August 2021 is the 440th consecutive month the planet has reported above average temperature, according to the National Oceanic and Atmospheric Administration
Record shattering climate developments continue unabated. August 2021 was the sixth-warmest August since record keeping started 142 years ago, according to the latest assessment by the National Centers for Environmental Information (NCEI) of the US’ National Oceanic and Atmospheric Administration (NOAA).
Global surface temperature in August 2021 was 0.90 degrees Celsius above the 20th century average of 15.6°C. If only land-only surface temperature is considered, August 2021 was the second-warmest on record, after the August of 2016.
Warmer-than-normal months have been recorded frequently since 2009. For instance, nine of the 10 warmest Augusts have been recorded since 2009, according to the NCEI assessment.
“The near-record warm global land surface temperature was mainly driven by the record-warm Northern Hemisphere land surface August temperature,” NCEI said.
For Asia, August 2021 was the second-warmest on record. It was the third-warmest August for the African continent. “North America, South America and Oceania had a top-nine warm August on record. Although Europe had an above-average August temperature, it was the coolest August since 2008,” NCEI said.
However, there is another record on warming being set continuously every month. “August 2021 marked the 45th consecutive August and the 440th consecutive month with temperatures, at least nominally, above the 20th century average,” according to the NCEI assessment of month-wise temperature records since 1880.
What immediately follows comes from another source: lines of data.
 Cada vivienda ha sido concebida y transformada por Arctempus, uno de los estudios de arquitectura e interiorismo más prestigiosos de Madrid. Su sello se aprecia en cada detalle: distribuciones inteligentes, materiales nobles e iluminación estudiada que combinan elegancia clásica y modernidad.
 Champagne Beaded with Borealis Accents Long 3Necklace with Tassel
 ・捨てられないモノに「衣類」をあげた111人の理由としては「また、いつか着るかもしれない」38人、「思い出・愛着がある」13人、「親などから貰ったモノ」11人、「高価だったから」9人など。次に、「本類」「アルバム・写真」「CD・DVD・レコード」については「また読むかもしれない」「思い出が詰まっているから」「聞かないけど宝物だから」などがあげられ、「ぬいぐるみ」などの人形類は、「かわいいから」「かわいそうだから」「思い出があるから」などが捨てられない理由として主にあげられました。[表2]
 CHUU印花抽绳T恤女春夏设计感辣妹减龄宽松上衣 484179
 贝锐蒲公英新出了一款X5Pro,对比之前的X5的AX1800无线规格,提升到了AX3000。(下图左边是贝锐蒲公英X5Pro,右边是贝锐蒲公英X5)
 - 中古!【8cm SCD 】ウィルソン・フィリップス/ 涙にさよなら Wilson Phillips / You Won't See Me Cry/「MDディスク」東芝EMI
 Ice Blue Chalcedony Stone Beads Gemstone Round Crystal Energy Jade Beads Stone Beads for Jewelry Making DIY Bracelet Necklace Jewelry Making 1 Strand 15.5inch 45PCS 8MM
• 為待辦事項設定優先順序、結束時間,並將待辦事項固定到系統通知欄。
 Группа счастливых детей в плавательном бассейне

It means those who were born before 1985 had an experience of the planet’s normal average temperature. Nearly 52 per cent of the world population is below the age of 30 years. For this population group, the average temperature experienced currently is the new normal, even though they inherit a warmer planet.
The year 2021 is also on track to be one of the hottest years on record. During January-August 2021, the global surface temperature was recorded as the sixth-highest on record. Global Annual Temperature Rankings Outlook, from NCEI, has forecasted that 2021 will be one of the 10 warmest years on record.
In August this year, the Intergovernmental Panel on Climate Change (IPCC) in its Climate Change 2021: The Physical Science Basis report, said the planet’s average surface temperature rise would cross 1.5°C in the next 20 years and 2°C by the middle of the century, if we don’t cut down emissions of greenhouse gases.
“In the first two decades of the 21st century, the average global surface temperature was 0.99°C higher than the 1850-1900 level. But in the decade of 2011-2020, the rise was 1.09°C above the historic base period, indicating a faster warming of the planet,” Down To Earth inferred the IPCC report in August 2021.